Happy Friday, ladies and gents.  And Happy 2013.  The Bulletin returns after a one-week holiday hiatus.  You are all undoubtedly looking for an authoritative source to tell you which pop culture trends to follow in 2013, and which to leave behind with 2012.  I am not that source.  (I recently had to spend 10 minutes convincing someone that my suggestion to “watch a DVD” was made in earnest.)  However, the Washington Post’s “The List: 2013” provides zeitgeist guidance in convenient “What’s Out?/What’s In?” format.  Tofu is out, in favor of insects.  That’s all well and good but I still classify both as “things that are not food.” 

Before the public interest news, a heads-up for law students that we’re hosting a public interest summer job search webinar series with our good friends at Equal Justice Works.  Dates: 1/15 and 1/22.  Registration info and all other details here.

Also, here’s a “fiscal cliff” dispatch focusing on two angles that may interest this blog’s readership:

  • the potential impact on charitable contributions to nonprofits, courtesy of the Chronicle of Philanthropy: “Throughout December nonprofits [had] been lobbying Congress and President Obama not to impose limits on the tax savings wealthy donors get when they make charitable contributions.  The Senate-crafted plan enacts limits that charities have opposed.

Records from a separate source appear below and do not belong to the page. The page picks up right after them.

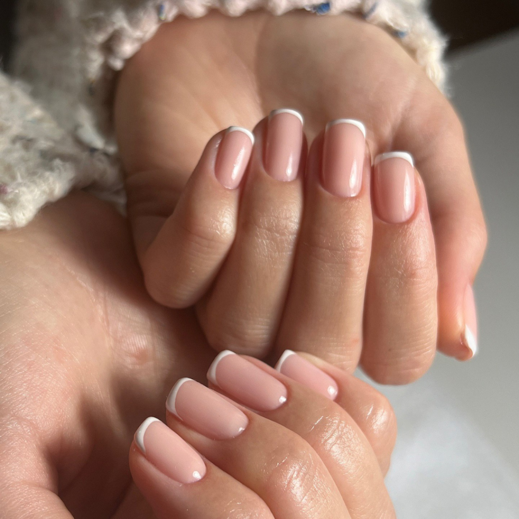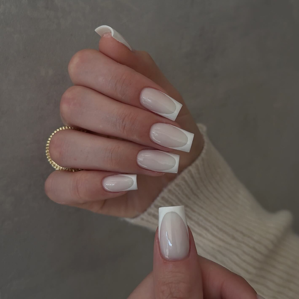 This style presents the white tips as sharp and precise, thereby accentuating the clean lines against a pale pink base. This manicure is the image of the classic French tip, completed with an impeccable touch, hence, it is a timeless choice for work and formal occasions where a sophisticated look is required.
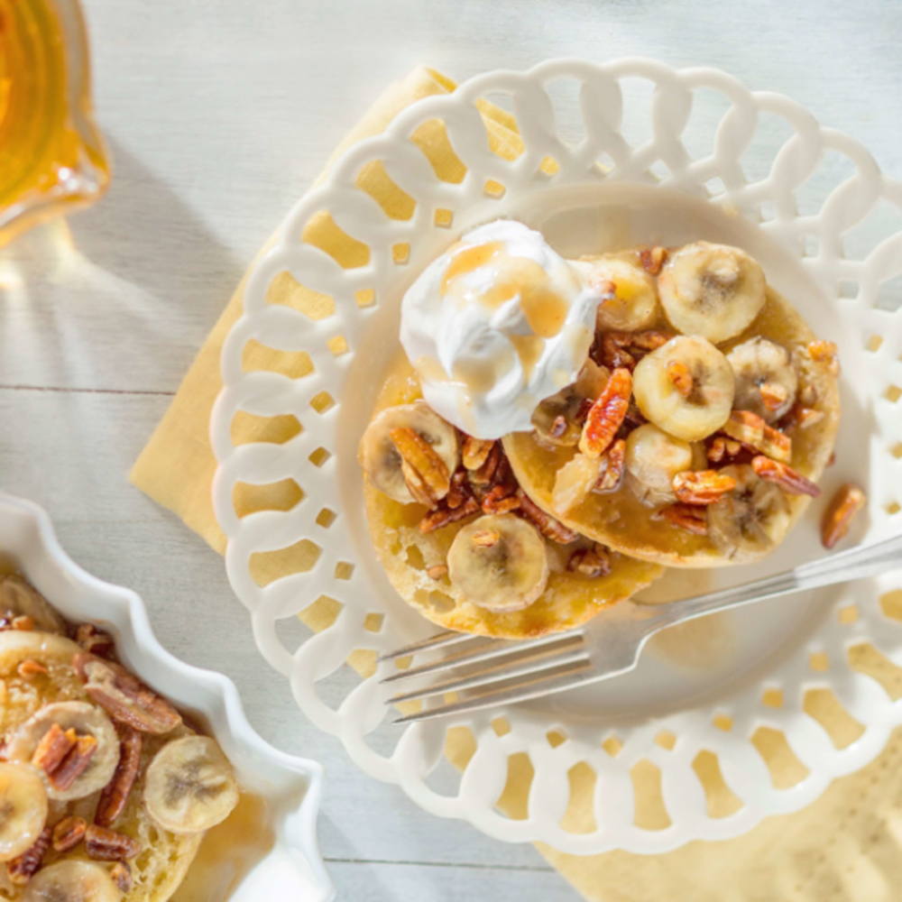 - Spread banana slices and pecans evenly over the muffins and drizzle the remaining syrup over the bananas.
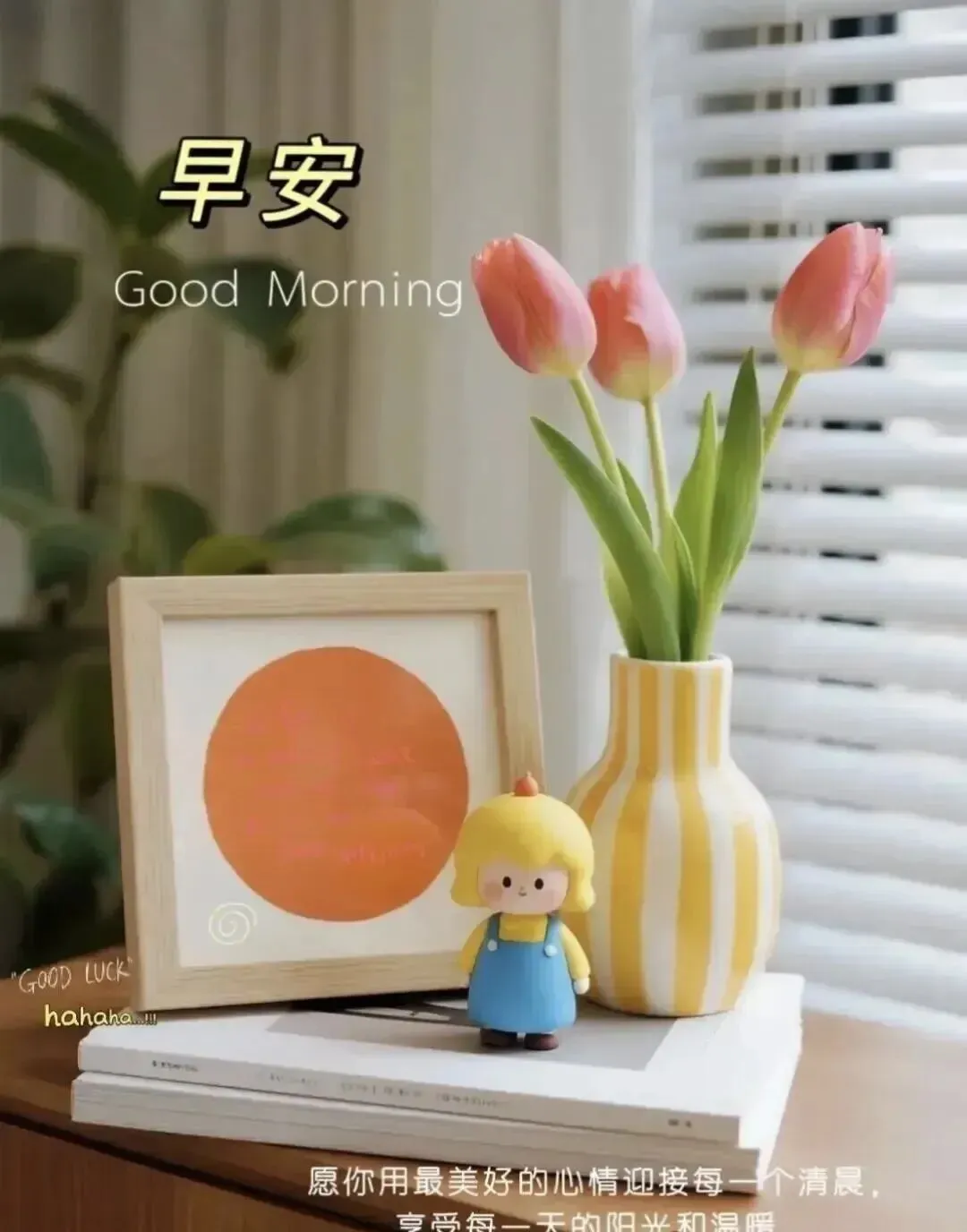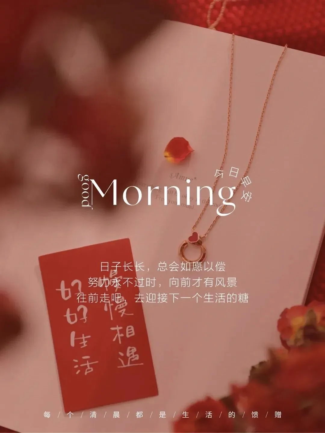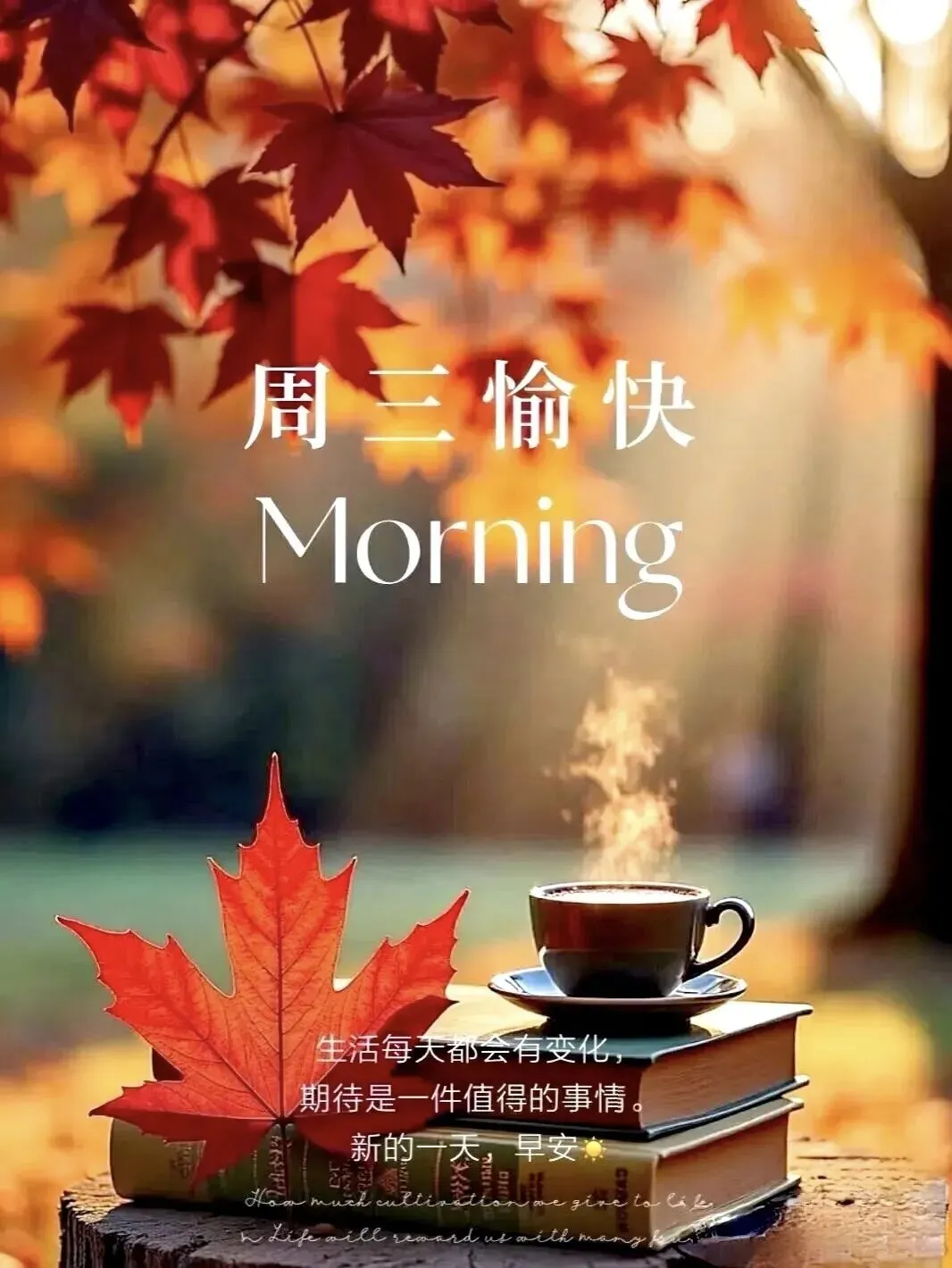2. 早上好呀💖!周三是一周的小马达⛽️,加满元气继续冲,愿你把琐碎的烦恼都抛开🗑️,把重要的事情都办妥✅,钱包悄悄鼓起来💰,笑容天天挂起来😄,日子越过越精彩。

It reinstates a provision eliminated in 2010 that reduces the value of itemized deductions by 3 percent for household incomes over $300,000. Write-offs grow more limited the more taxable income a person has, and could reduce the value of deductions by up to 80 percent for the highest-income taxpayers, according to the Tax Policy Center.”
  • the potential impact on the federal government labor force, courtesy of Government Executive.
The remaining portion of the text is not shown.